◆ **Supplied records**
^^^^

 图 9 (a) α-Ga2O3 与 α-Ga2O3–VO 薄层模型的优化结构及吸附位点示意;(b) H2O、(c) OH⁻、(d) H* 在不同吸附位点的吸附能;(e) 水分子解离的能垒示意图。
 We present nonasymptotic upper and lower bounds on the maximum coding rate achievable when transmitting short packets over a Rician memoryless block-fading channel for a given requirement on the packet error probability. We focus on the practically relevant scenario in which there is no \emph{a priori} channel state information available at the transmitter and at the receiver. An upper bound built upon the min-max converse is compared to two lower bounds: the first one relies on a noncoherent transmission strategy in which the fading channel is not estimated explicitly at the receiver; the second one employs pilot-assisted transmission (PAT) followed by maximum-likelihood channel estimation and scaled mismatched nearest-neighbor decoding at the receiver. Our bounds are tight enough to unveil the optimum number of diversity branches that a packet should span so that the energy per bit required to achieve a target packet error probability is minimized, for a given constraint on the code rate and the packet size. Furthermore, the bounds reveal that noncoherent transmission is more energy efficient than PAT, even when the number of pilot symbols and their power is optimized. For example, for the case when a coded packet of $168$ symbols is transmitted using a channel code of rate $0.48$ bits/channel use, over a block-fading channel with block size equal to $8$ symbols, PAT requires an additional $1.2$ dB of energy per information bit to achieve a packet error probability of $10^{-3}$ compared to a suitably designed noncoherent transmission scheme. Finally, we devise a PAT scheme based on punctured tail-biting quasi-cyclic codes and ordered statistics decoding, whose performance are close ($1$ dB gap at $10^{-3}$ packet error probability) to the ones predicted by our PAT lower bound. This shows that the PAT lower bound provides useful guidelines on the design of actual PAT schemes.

^^^^

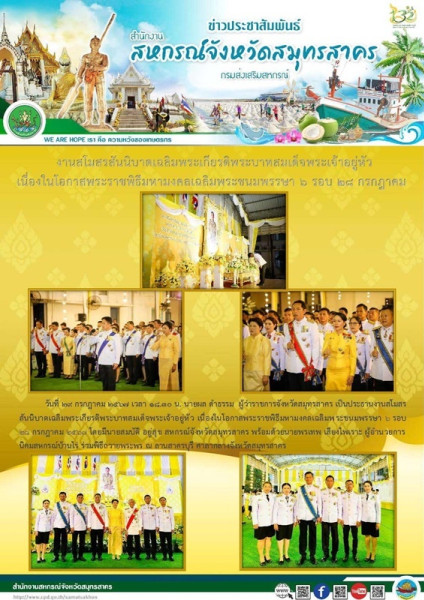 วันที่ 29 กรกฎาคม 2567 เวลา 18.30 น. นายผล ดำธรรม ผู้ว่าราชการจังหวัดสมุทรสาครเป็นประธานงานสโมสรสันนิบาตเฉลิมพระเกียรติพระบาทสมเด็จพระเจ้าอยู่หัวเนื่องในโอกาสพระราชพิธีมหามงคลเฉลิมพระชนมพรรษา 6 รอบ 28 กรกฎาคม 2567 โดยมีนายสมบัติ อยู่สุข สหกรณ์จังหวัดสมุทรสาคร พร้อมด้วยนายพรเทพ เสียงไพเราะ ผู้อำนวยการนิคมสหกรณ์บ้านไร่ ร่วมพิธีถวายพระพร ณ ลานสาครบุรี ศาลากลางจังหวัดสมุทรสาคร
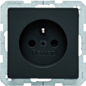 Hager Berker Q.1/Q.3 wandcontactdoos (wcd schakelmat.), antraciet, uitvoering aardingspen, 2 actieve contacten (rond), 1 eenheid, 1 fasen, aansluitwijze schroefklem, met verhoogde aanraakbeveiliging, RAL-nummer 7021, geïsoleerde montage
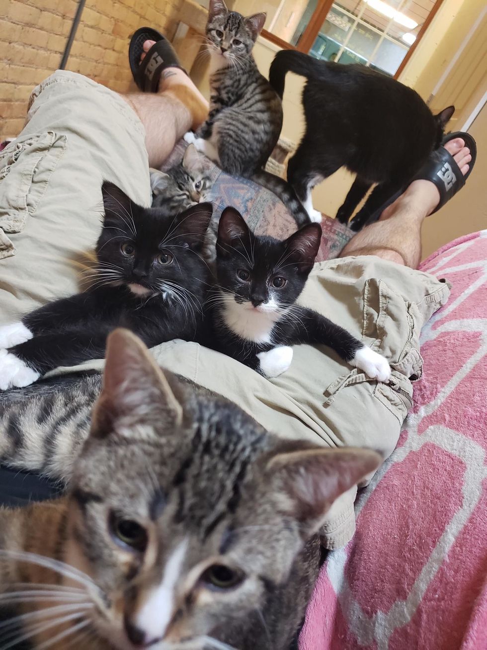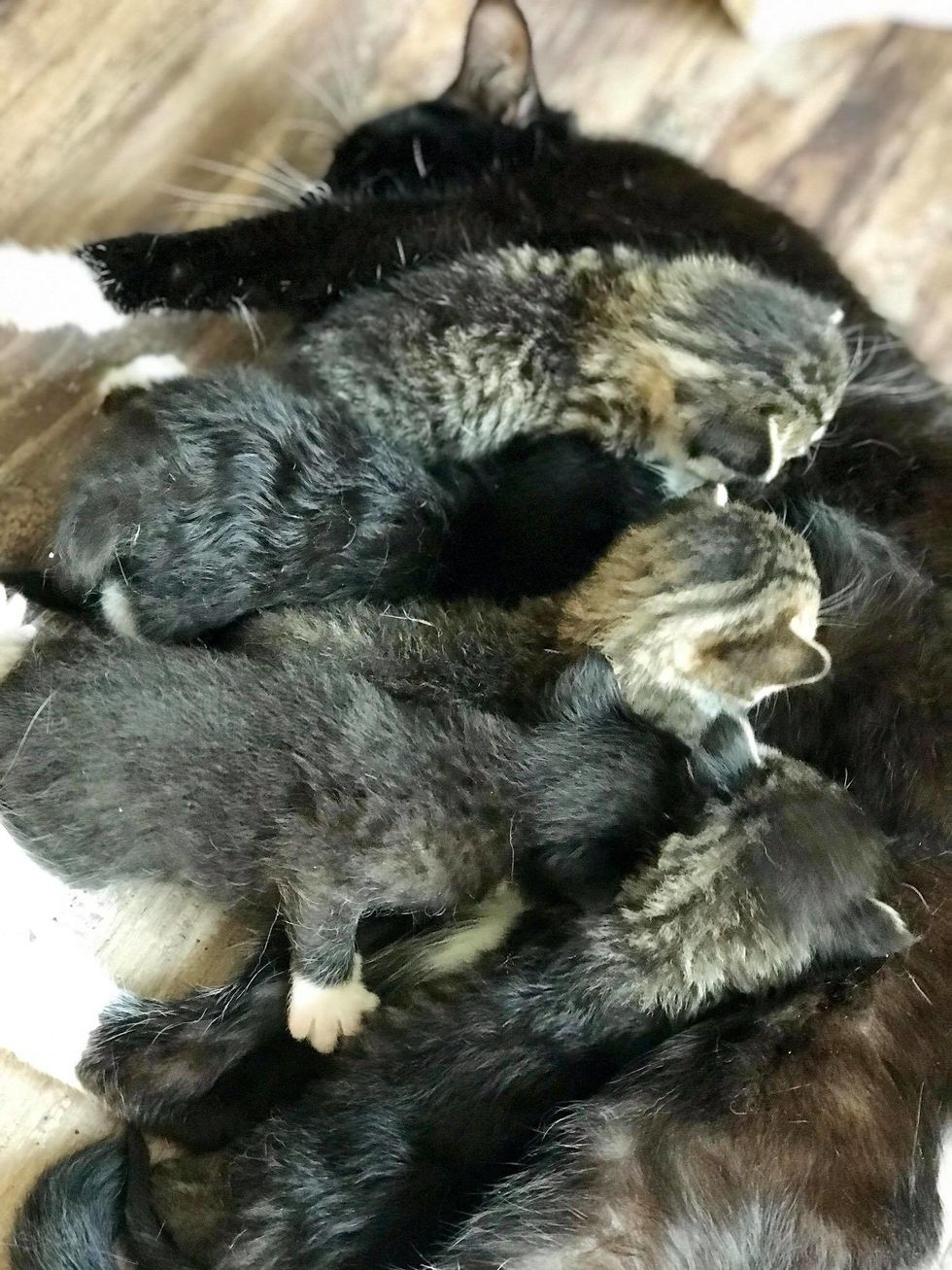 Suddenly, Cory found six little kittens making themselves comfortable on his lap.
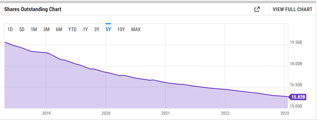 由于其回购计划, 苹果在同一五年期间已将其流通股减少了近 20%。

^^^^

Restate word for word every line from the one with "วันที่ 29 กรกฎาคม" up to and including the one with "由于其回购计划, 苹果在同一五年期间已将其流通股减少了近 20%。" in the records above, minus the pictures.

◆ **Written solution**
 วันที่ 29 กรกฎาคม 2567 เวลา 18.30 น. นายผล ดำธรรม ผู้ว่าราชการจังหวัดสมุทรสาครเป็นประธานงานสโมสรสันนิบาตเฉลิมพระเกียรติพระบาทสมเด็จพระเจ้าอยู่หัวเนื่องในโอกาสพระราชพิธีมหามงคลเฉลิมพระชนมพรรษา 6 รอบ 28 กรกฎาคม 2567 โดยมีนายสมบัติ อยู่สุข สหกรณ์จังหวัดสมุทรสาคร พร้อมด้วยนายพรเทพ เสียงไพเราะ ผู้อำนวยการนิคมสหกรณ์บ้านไร่ ร่วมพิธีถวายพระพร ณ ลานสาครบุรี ศาลากลางจังหวัดสมุทรสาคร
 Hager Berker Q.1/Q.3 wandcontactdoos (wcd schakelmat.), antraciet, uitvoering aardingspen, 2 actieve contacten (rond), 1 eenheid, 1 fasen, aansluitwijze schroefklem, met verhoogde aanraakbeveiliging, RAL-nummer 7021, geïsoleerde montage
 Suddenly, Cory found six little kittens making themselves comfortable on his lap.
 由于其回购计划, 苹果在同一五年期间已将其流通股减少了近 20%。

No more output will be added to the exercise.